• INSTRUCTIONS FOR THE TASK
Skip all pictures. Set down only the lines starting at the line containing "The Southern Pine" and running to the end of the listing.

:: EXCERPTED DATA ::

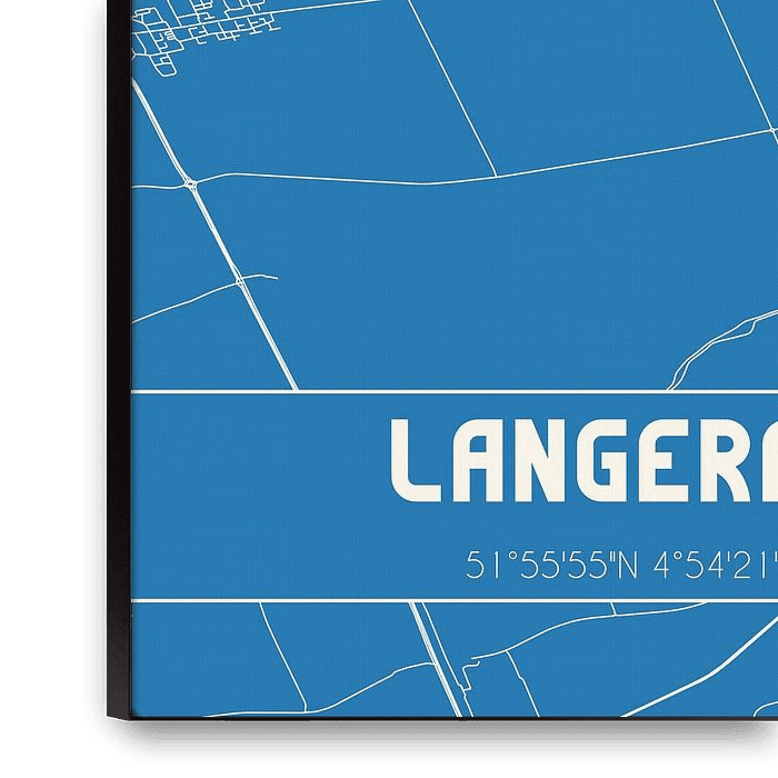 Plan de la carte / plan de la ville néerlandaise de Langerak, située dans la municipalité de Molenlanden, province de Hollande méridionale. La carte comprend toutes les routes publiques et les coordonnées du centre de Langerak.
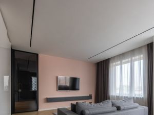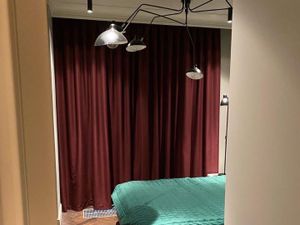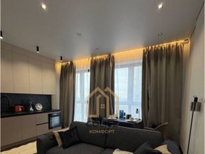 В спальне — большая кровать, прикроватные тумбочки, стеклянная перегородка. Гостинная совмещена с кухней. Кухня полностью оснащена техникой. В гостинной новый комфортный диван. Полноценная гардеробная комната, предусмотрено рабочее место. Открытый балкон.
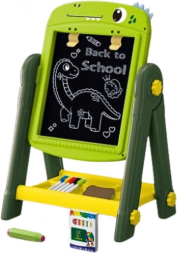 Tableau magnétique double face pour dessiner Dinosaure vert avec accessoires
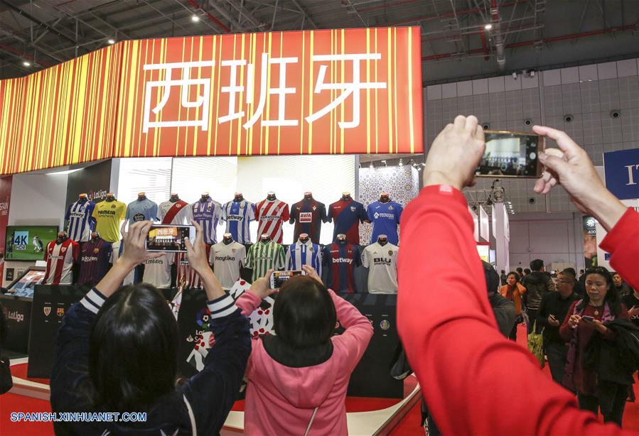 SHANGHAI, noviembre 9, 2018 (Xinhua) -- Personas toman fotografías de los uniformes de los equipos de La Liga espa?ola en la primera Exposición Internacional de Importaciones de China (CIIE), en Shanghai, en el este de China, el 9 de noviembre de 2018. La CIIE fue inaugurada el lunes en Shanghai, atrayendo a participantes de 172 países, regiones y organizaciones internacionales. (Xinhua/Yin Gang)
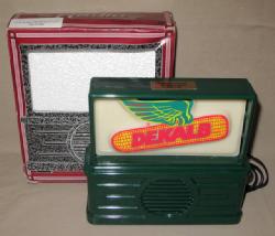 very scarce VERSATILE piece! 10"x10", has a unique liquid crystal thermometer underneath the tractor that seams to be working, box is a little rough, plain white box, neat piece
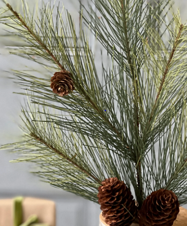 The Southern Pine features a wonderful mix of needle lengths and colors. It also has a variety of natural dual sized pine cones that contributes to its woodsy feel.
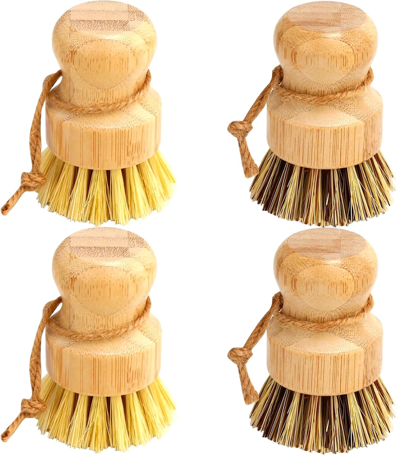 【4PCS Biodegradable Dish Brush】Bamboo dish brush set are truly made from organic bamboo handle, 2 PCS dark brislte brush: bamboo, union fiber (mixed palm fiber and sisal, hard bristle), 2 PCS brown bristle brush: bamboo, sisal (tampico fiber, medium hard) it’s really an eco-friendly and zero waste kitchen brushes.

:::

• ANSWER AREA
 The Southern Pine features a wonderful mix of needle lengths and colors. It also has a variety of natural dual sized pine cones that contributes to its woodsy feel.
 【4PCS Biodegradable Dish Brush】Bamboo dish brush set are truly made from organic bamboo handle, 2 PCS dark brislte brush: bamboo, union fiber (mixed palm fiber and sisal, hard bristle), 2 PCS brown bristle brush: bamboo, sisal (tampico fiber, medium hard) it’s really an eco-friendly and zero waste kitchen brushes.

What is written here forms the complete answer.